For example, someone might setup a program to go through every domain name attempting to exploit a vulnerability in an outdated version of WordPress. Because no one is viewing the website before attempting to hack it the VeriSign Trust Seal will have no impact on whether the website is hacked or not. The best that malware scanning could do in this case would be to quickly warn that the website is infected. The worst case would be the scanner not detecting the infection until it has potentially infected many visitors. What is hopefully obvious is that if you are not running an outdated version of WordPress you would not get infected in the first place.

The right way to protect your website against these types of hacks, which are done in this automated fashion, is by taking the measures we have written about here. If your website is properly secured you are very unlikely to get infected so malware scanning is of little use. If you wanted make sure that you are warned quickly if your website is ever infected you set it up so that Google will send email to an address of your choice if they ever detect malware on your website.

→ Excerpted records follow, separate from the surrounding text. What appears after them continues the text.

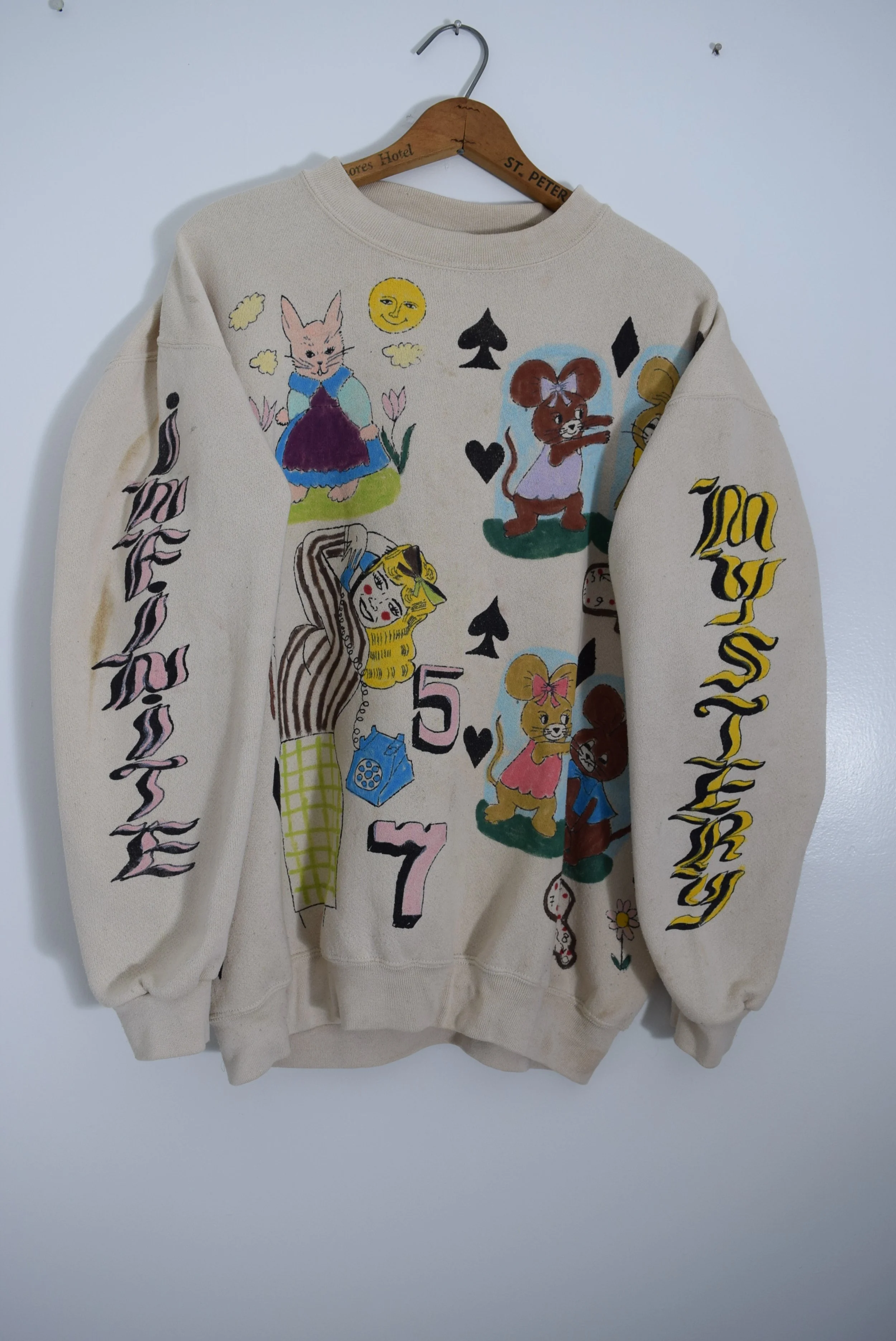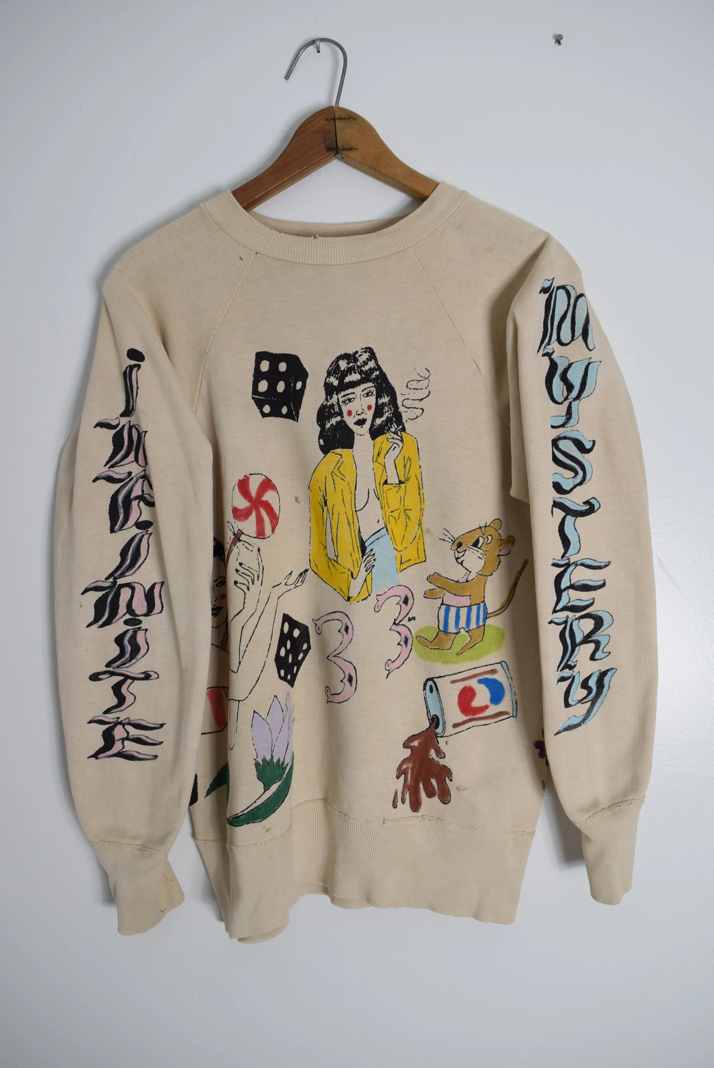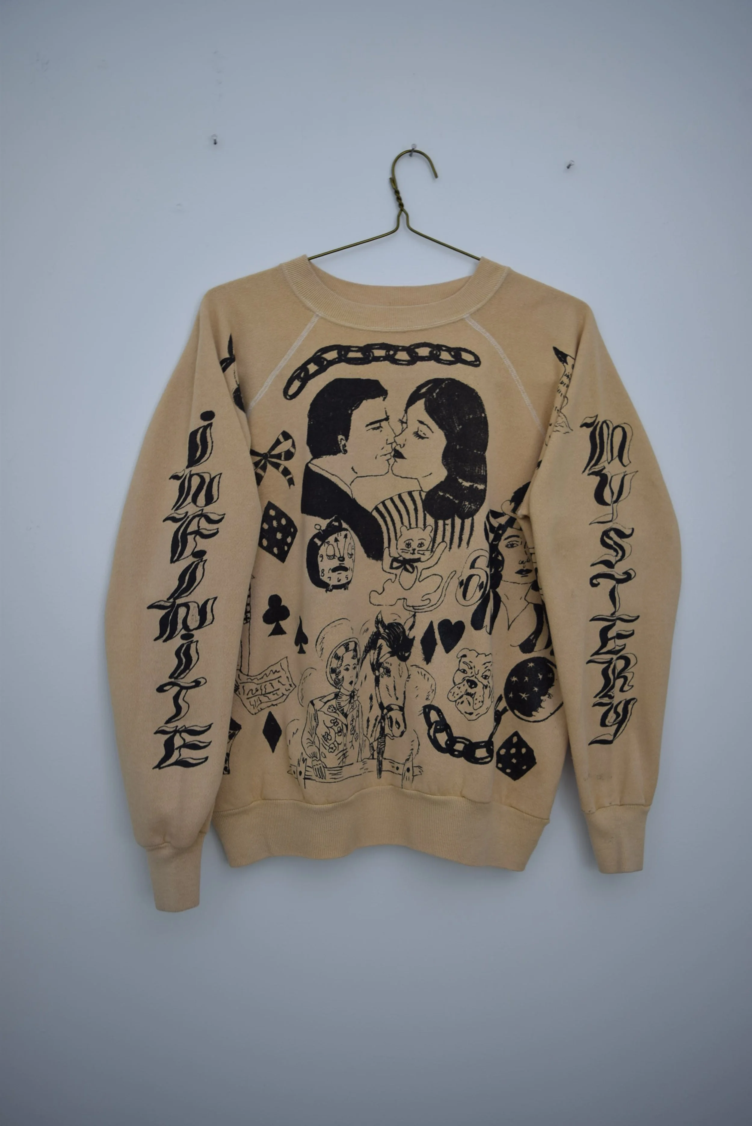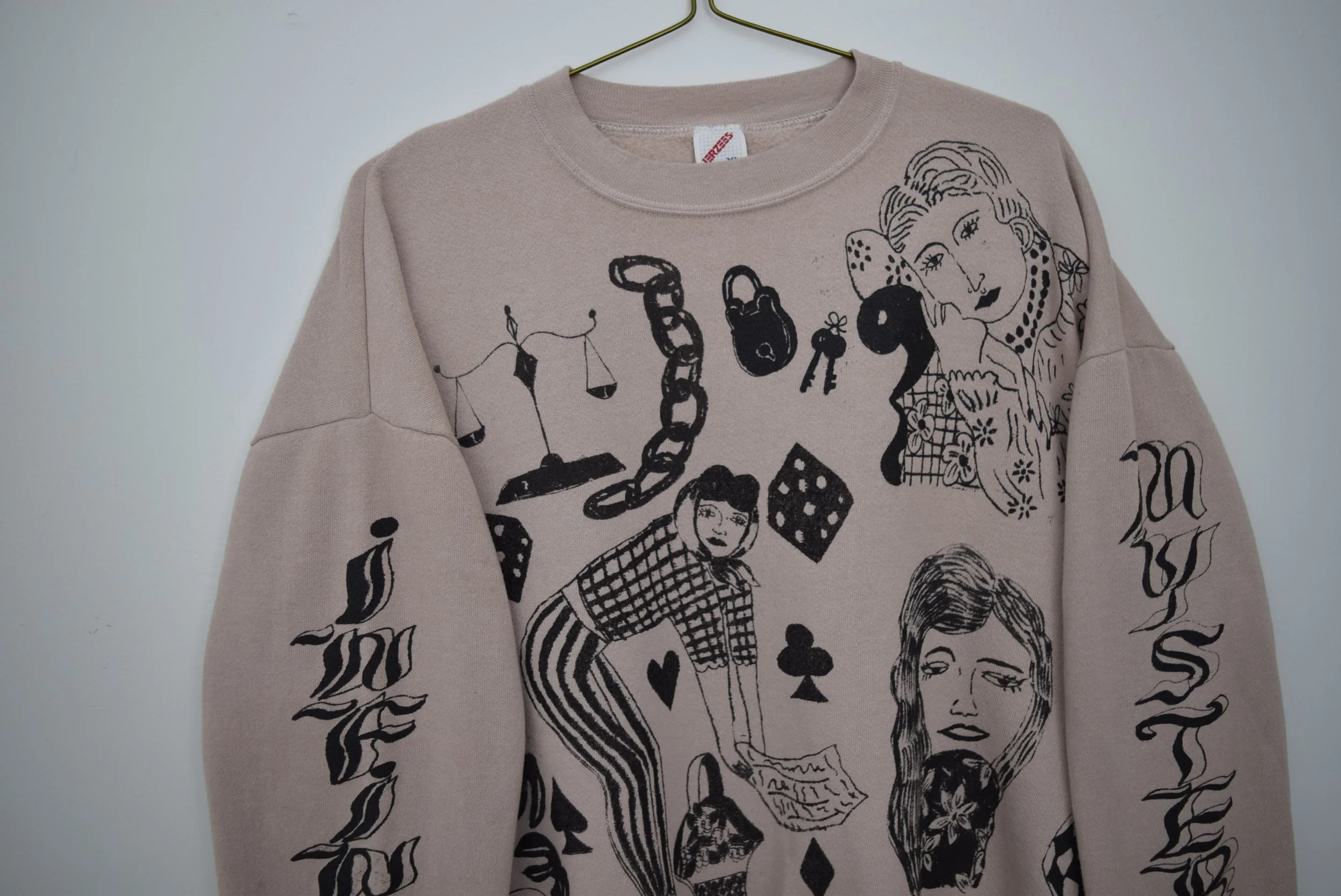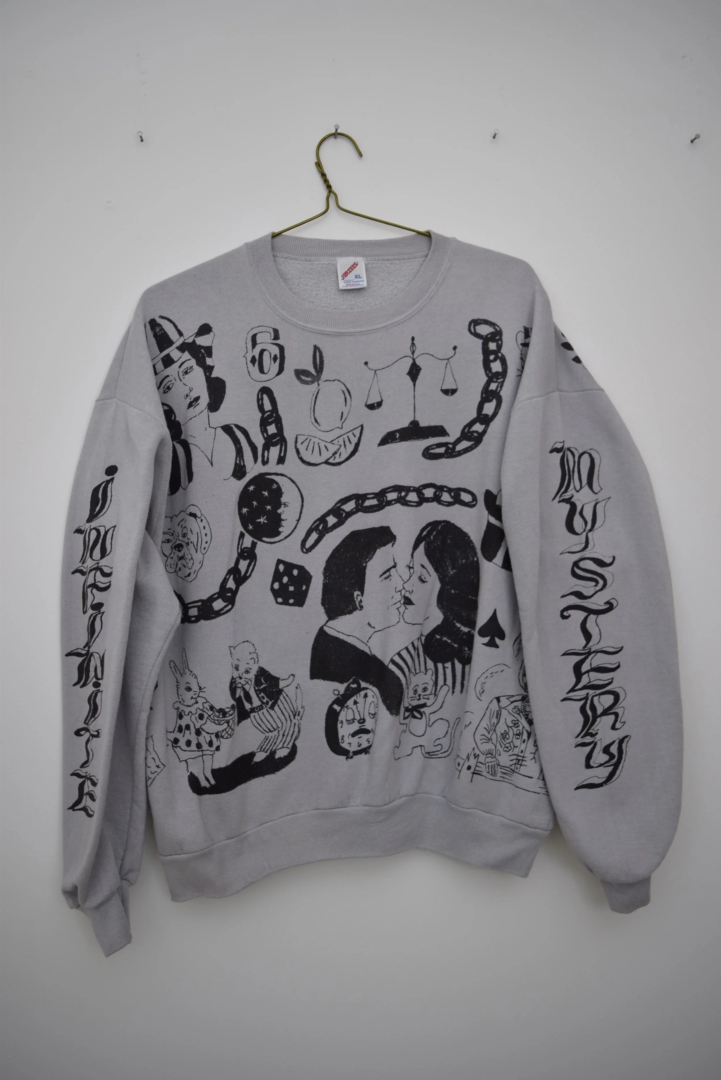 "Infinite Mystery" off white hand drawn + screen printed vintage sweatshirt L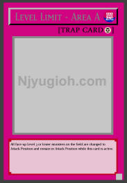 Level Limit - Area A Continuous Trap All face-up Level 3 or lower monsters on the field are changed to Attack Position and remain in Attack Position while this card is active. RARE |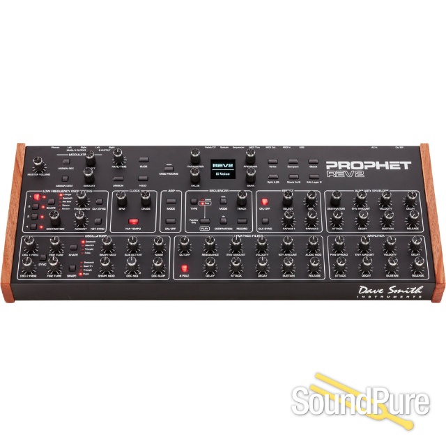 The Prophet Rev2 retains all of the key features of the Prophet ’08 and expands on them. It has twice the polyphony, twice the mod matrix, waveshape modulation on all waveforms, digital effects per layer in stacked or split voice mode, a polyphonic step sequencer per layer, and more. The result is a true analog powerhouse.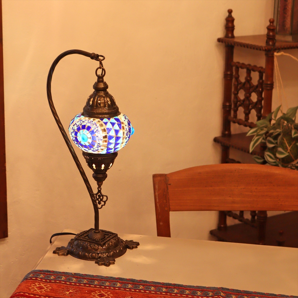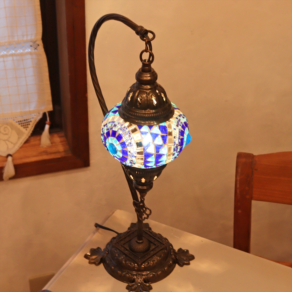 トルコランプ モザイクテーブルランプ ハンギング 全高42cm 横幅23cm ブルー
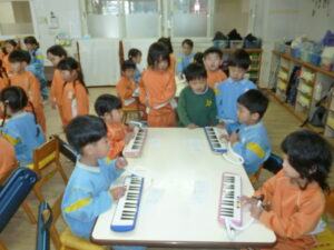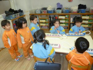 🌟年中組で、鍵盤奏を聴かせてもらいました。興味津々ですよ。次年度に向けて音階を学び中です♬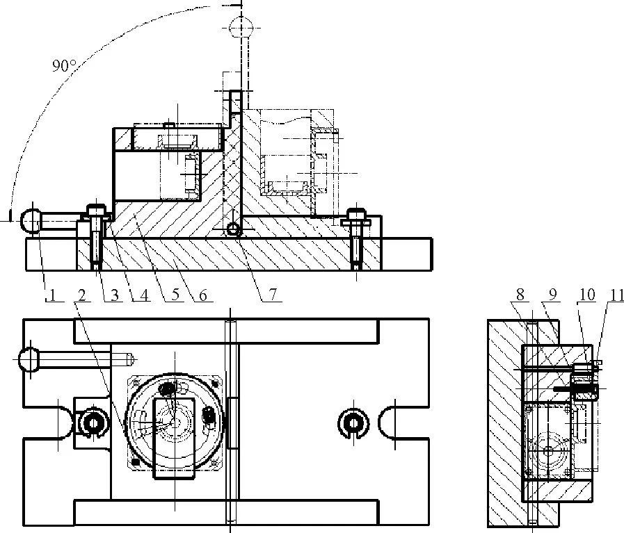 圖3 帶減速箱端蓋銑床夾具 為滿足與軸承和定子的裝配要求,需將所獲壓鑄件進(jìn)行必要的后續(xù)加工處理,以便兩處軸承室和止口尺寸車削或銑削至精度和形位公差達(dá)到要求,但由于端蓋形狀的特殊性,致使車削加工時(shí)即使有車夾具支持也無法實(shí)現(xiàn)一次裝夾完成兩個(gè)空間正交軸承孔的加工,因此,考慮采用銑夾具來解決上述問題,見圖3。 夾具體5(見圖4)置于底座6之上,繞轉(zhuǎn)軸7在0°~90°之間翻轉(zhuǎn),并且0°和90°是兩個(gè)工作位置,手柄與夾具體插孔采用間隙配合以便完成插入翻轉(zhuǎn)后立即拔出(否則會(huì)妨礙銑削加工),同時(shí)夾具體5的一個(gè)固定槽剛好穿過底座上的夾具體鎖緊螺釘3,在固定槽和夾具體鎖緊螺釘3的頭部之間插入開口墊片4,再擰緊螺釘3即限制了夾具體最后一個(gè)轉(zhuǎn)動(dòng)自由度。基于壓鑄件尺寸一致性程度高的特點(diǎn),端蓋鑄件在夾具體采用一面兩銷定位,即利用端蓋4-?5mm安裝孔中的2個(gè)對(duì)角孔分別套入一個(gè)定位圓銷2和一個(gè)菱形銷11。當(dāng)轉(zhuǎn)位壓塊10轉(zhuǎn)至指定位置時(shí)只需旋緊壓塊螺釘8即可鎖緊端蓋零件。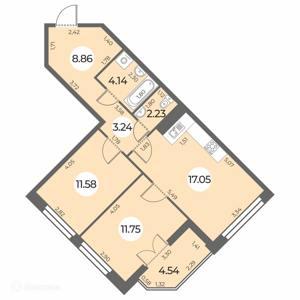 • Площадь кухни - 17.05 м²
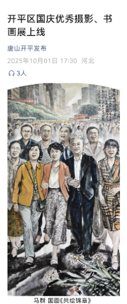 金秋迎華誕,藝韻頌祖國。10月1日,“迎國慶優(yōu)秀攝影、書畫作品線上展”在“唐山開平發(fā)布”正式上線展出。農(nóng)工黨唐山市開平區(qū)支委會精心組織黨員創(chuàng)作書畫作品參加活動,為此次線上展注入了獨特的黨派風(fēng)采。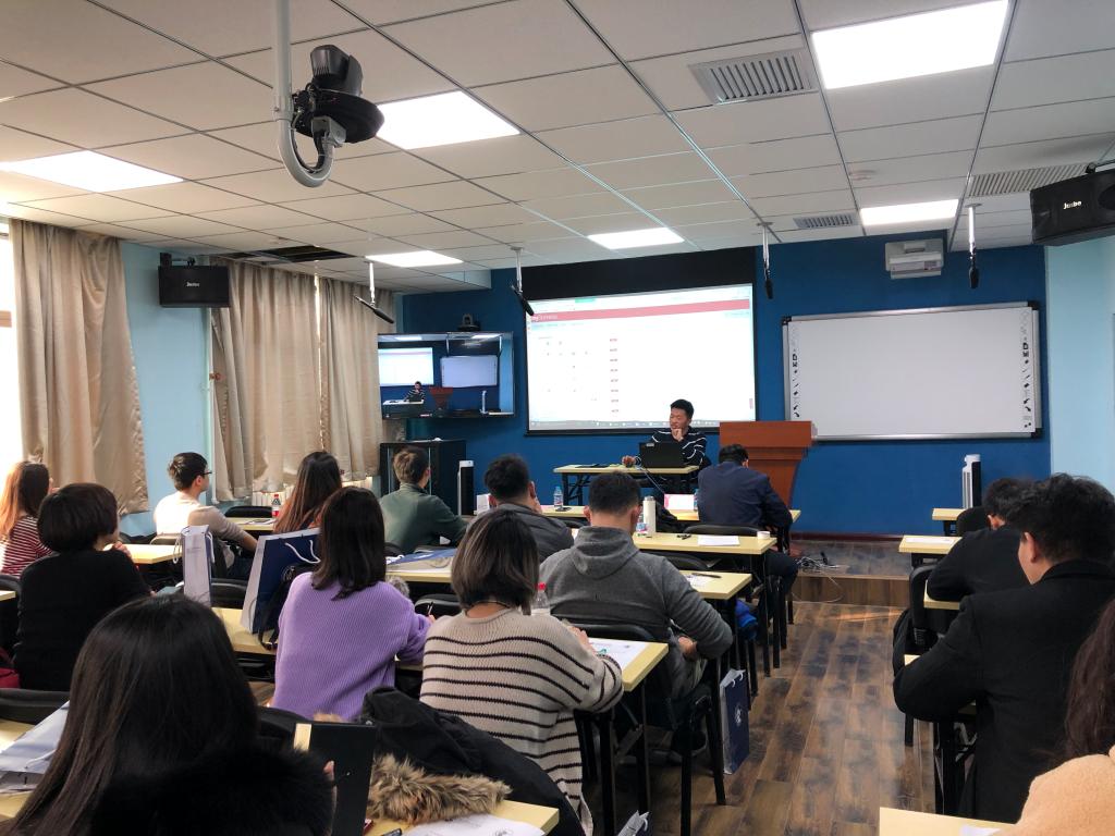 接下来,项目管理老师王勤秋老师介绍了史蒂文斯理工公司Canvas系统的使用注意事项及关于选课缴费的常见问题,并给员工们讲解了在中财学习生活的一些注意事项,以及图书馆等资源的使用,以帮助同学们可以更好更快地适应在中财的学习生活。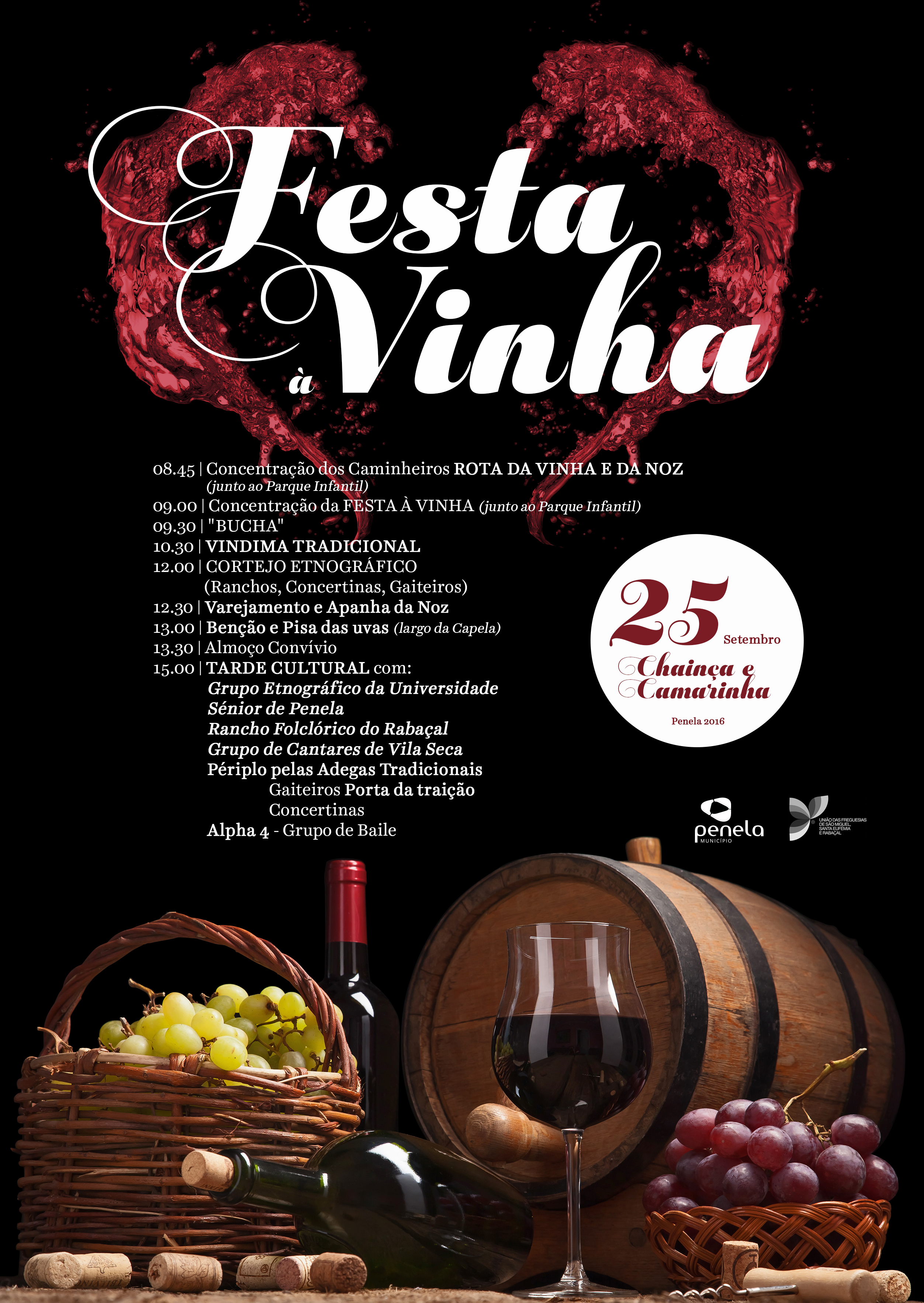 A Festa à Vinha está de regresso à Chainça e Camarinha, já no próximo domingo, dia 25 de setembro e leva a conhecer o processo produtivo do vinho, um dos produtos endógenos do Concelho de Penela. Evento onde é celebrado a vindima. O cartaz da fe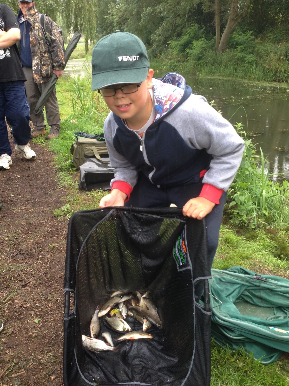 Little five year old George Baker was next on peg 7 and fishing at 6 metres down the middle and getting plenty of bites from small roach and the odd perch on a regular basis, his granddad Butch was giving him a hand but I reckon George is a star in the making. Bradley Lawrence (eleven years old) was on peg 5 and Ned was helping him out and he was catching plenty of fish too.
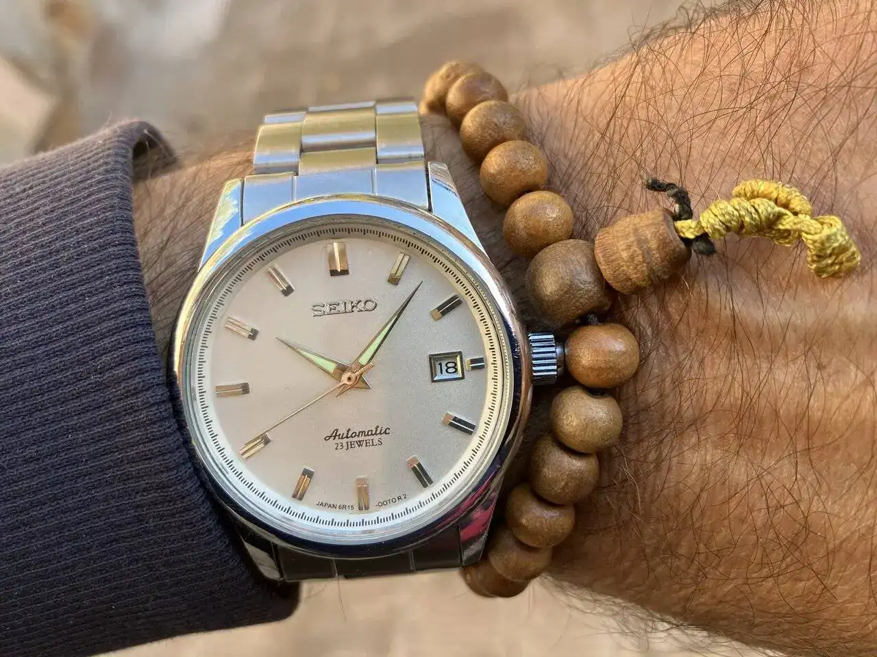 Curioso.Hoy este Seiko vinyage con un dial con una patina muy bonita ( la foto no es fiel reflejo) de color champán.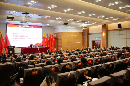 178名师生党员参加大会,列席大会的还有学院民主党派代表余向前、徐正、金海峰、张启明4位老师,大会由学院党委副书记唐华主持。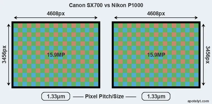 | Sensor Specs | Canon SX700 | Nikon P1000 |

So would the seal have any deterring effect on someone who has decided to target your website? It is hard to say for sure, but it seems unlikely it would have any effect. If someone were looking for easy targets they wouldn’t be trying target specific websites at all. It is much more efficient for them to use untargeted methods to find easy targets. What would be more likely to happen if they were targeting you is that they would test their malware to make sure it is not detected by the scanning done by Verisign before infecting your website. In that situation letting them know it was going on would not be helpful.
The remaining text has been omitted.